Eis que o tempo passou, e aí houve um tempo em que eu quis, novamente e finalmente, muito ter filhos, mas não pelas razões anteriormente racionalizadas. Acho que deu-se um período natural de amadurecimento. E foi quando pensei em todos os itens que antes me arrepiavam, sim, mas também pensei em questões muito mais profundas, como:

- Se eu não tiver filhos, não terei a minha ‘continuidade’ quando morrer; não terei deixado nenhum rastro de mim para a posteridade, até porque, infelizmente, não virei celebridade de Hollywood;

- Se eu não tiver filhos, nunca terei a chance de ter uma família grande como a dos filmes e comerciais de margarina, que podem dar bastante despesa, mas pelo menos animam os Natais e Páscoas e afins;

- Se eu não tiver filhos, corro o risco de acabar sozinha, sem atenção, sem cuidados, agitando as tardes de um asilo (o que não significa que um filho meu não possa acabar me botando num asilo, mas a gente nunca acha que isso vai acontecer, pelo menos não pensamos muito nisso na idade em que me encontro, né?);

- Se eu não tiver filhos, quando poderei sentir o prazer de ter um pouco de mim em outro ser? Minha gata já assimilou muito da minha neurose, mas ainda não faz teatrinhos como eu fazia quando era criança, não escreve livrinhos como eu escrevia… Ah, ela me dá “patadas” como eu dava em minha mãe, mas isso não é lá muito bonito de se reproduzir;

- Se eu não tiver filhos… na hora que a ‘minha hora’ chegar, não terei a sensação de ‘dever cumprido’. O que eu vou pensar quando chegar lá? Ok, já posso ir embora, porque afinal trabalhei, conheci pessoas, morei num lugar legal, viajei, fui à praia, tomei chopp e… fiz um blog?

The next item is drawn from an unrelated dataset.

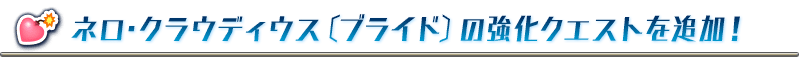 「★5(SSR)ネロ・クラウディウス〔ブライド〕」が強化される特別なクエスト「サーヴァント強化クエスト」が、カルデアゲートに恒常的に追加されます。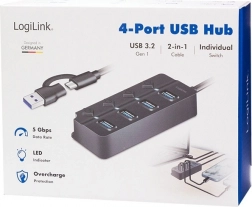 Užite si bleskové rýchlosti prenosu dát až 5 Gbit/s vďaka portom USB 3.2 Gen 1. Ideálne pre veľké súbory, videá vo vysokom rozlíšení a náročné aplikácie. Každý port má vlastný vypínač, čo umožňuje selektívnu aktiváciu alebo deaktiváciu jednotlivých zariadení bez vplyvu na ostatné. LED indikátor zobrazuje stav každého portu na prvý pohľad. Súčasťou je napäťový adaptér 5 V/3.5 A (17.5 W), zaistujúci stabilné napájanie aj pre náročné zariadenia.

Buenos, esse tempo do “houve um tempo em que eu quis” ainda está ‘havendo’, digamos assim… De qualquer forma, se eu não conseguir ter filhos naturalmente, sem precisar escolher alguém que normalmente eu mesma não gostaria de ter como pai, nem contratar um outdoor que diga “Alguém aí quer procriar?”, e nem partir para produção intependente (que eu acho uma sacanagem com o ser, que já nasce sem uma “parte” de si, no caso, o pai), pretendo cumprir a minha missão na Terra com o máximo de louvor e méritos, adotando uma criaturinha (ou mais de uma) que queira me fazer o favor de preencher todos os quesitos acima descritos. Será que encontro uma?

De qualquer forma, não vai ser por agora. O motivo é simples: os recreadores ainda me irritam muito!!!

Beijo para quem é de adoção, abraço para quem é de recreação!